An auto-build field feature so that when we commit our code to a platform like GitHub, for example, the code is published automatically. And caching. And also, obviously, we are going to need a few servers to get all that running.

Amazon Web Services is a cloud that offers over 200 fully featured services from data centers globally. From the console, you can access and configure all your services and add new ones as needed. Amplify is a complete platform for developing building, testing, and running mobile and web apps.

I think that anything that AWS Amplify could potentially be configured manually through the AWS console. However, doing it manually will take much longer and will require a much higher level of expertise to achieve the same result.

For the end users like us today, Amplify will consist mainly of a command line interface in the DOS command prompt, and an SDK to access the various services from our apps, web, and add-in.

There is also the Amplify Studio that can be used instead of the command line interface. And that can also add other features like Figma for UI development. But we won't be looking at the Studio in this class.

Once our app has been initiated and the AWS CLI tool is installed, we can open the DOS prompt or [INAUDIBLE] terminal and start typing Amplify commands like amplify add api or amplify add auth to start the automated creation of AWS services. When we type those commands, there are usually a bunch of options to select depending on our needs. We can see them here highlighted in red.

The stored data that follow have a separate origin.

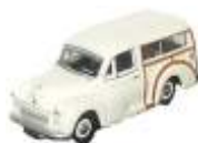
Morris Minor Traveller 76MMT001
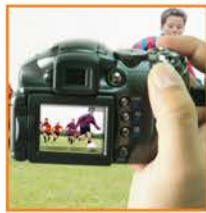
Capture an image
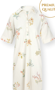
DEWI Blossom Chique 51.504.591 - XS 51.504.592 - S 51.504.593 - M 51.504.594 - L 51.504.595 - XL 51.504.596 - XXL

If there was a mistake during the recreation, services can be removed using amplify remove instead of amplify add. Services can also be updated using amplify update to reconfigure some settings. Finally, when everything is running as expected, we can run amplify publish to start the web hosting of our app.

We can now open the AWS console and see the different services that have been created and configured by Amplify. Thanks to Amplify, we don't need to be AWS experts to take advantage of the AWS cloud. Amplify not only might have saved us from lengthy certification programs but also allows a one-man-band to deliver powerful applications.

Now that we understand Amplify a bit better, we need to have a closer look at how the database will be configured and understand what DynamoDB, GraphQL, and AppSync are. The database is a DynamoDB and not an SQL database. In our apps, we will access it using the language GraphQL, which stands for GraphQL query language.

DynamoDB is fast and flexible database service invented to address high volumes of transactions. Using Amplify, we won't have to deal directly with DynamoDB. We will only access it through GraphQL in the same way that we use SQL to access a relational database. Unlike relational databases management system, the DynamoDB database should be designed by thinking of queries that will be called first, and the model should be designed accordingly.

The GraphQL service is created by defining types and fields on those types, then providing functions, also known as resolvers, for each field on each type. This is a big advantage over relational databases. If the table structure changes, the resolvers can be changed to follow the new structure. The client can still use the same old GraphQL request without noticing the change. GraphQL uses the JSON format to process requests and responses.

In the images here we can see how to create a project table, how to request some data, and how is the response returned. With Amplify, we will use the multi-table approach to define our model-- example of tables, project, todo, comments, images. However, DynamoDB can be optimized using a single table design. But it's a bit of a mind-bending concept that would easily require a class on its own.

Amplify will generate all the resolvers for us as well. So we won't have to worry about them. It's important to understand that GraphQL is completely independent from DynamoDB. It's just an API layer that has been added for us to access our data. Autodesk is also building a GraphQL API within APIs called Data Exchange to access the design data.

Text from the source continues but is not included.